Recorded information:
--------------------
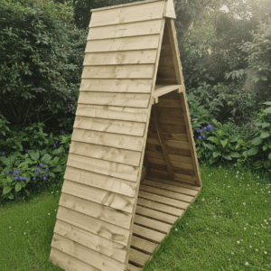 - Pressure treated triangular log store. Price includes erection locally when purchased with firewood.
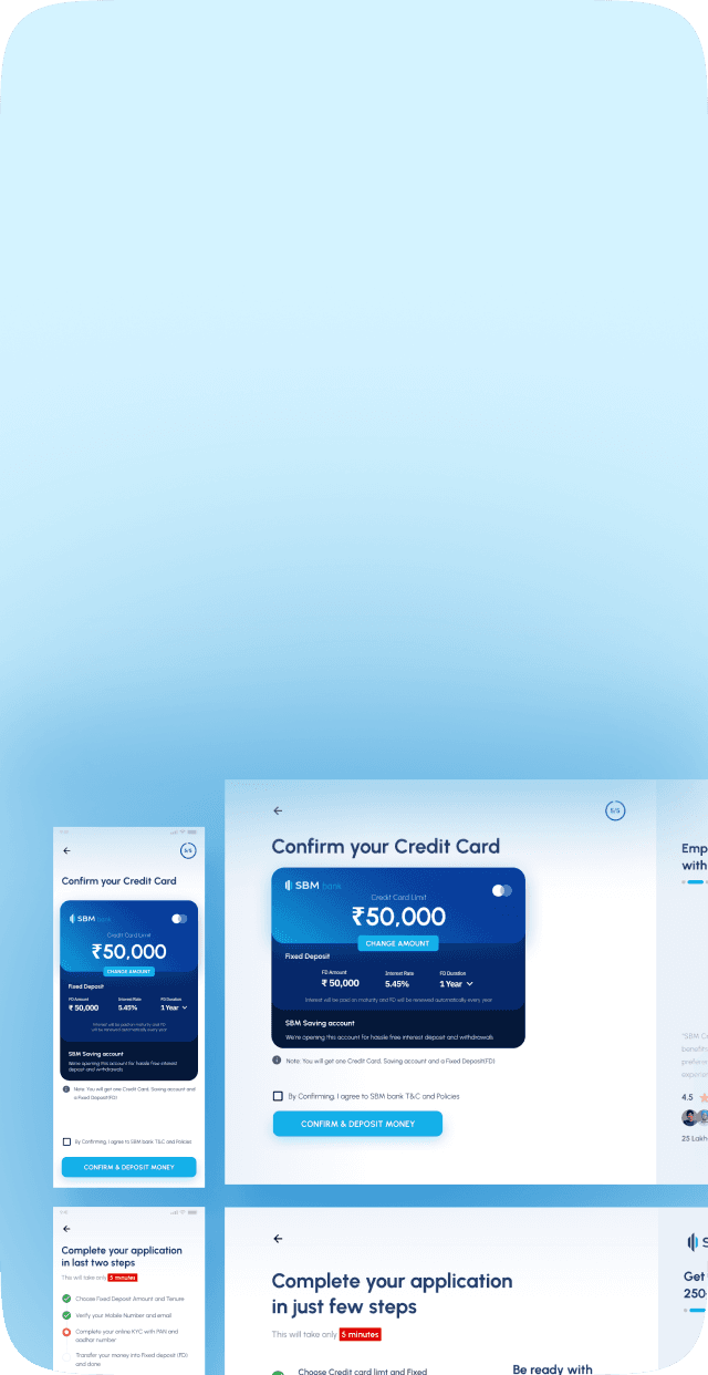 A responsive webpage for an international bank, allowing customers to obtain a credit card effortlessly by booking a fixed deposit (FD)
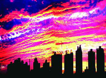 主题:傍晚的都市上空有着厚厚的云层,在夕阳的映照下显现出凝重的赤色,气势磅礴地翻滚着,好像动画片《大闹天宫》中神兵集聚的场景。(摄影/easilyweb)
--------------------
Copy all of the data word for word, and keep the pictures out of it.

 - Pressure treated triangular log store. Price includes erection locally when purchased with firewood.
 A responsive webpage for an international bank, allowing customers to obtain a credit card effortlessly by booking a fixed deposit (FD)
 主题:傍晚的都市上空有着厚厚的云层,在夕阳的映照下显现出凝重的赤色,气势磅礴地翻滚着,好像动画片《大闹天宫》中神兵集聚的场景。(摄影/easilyweb)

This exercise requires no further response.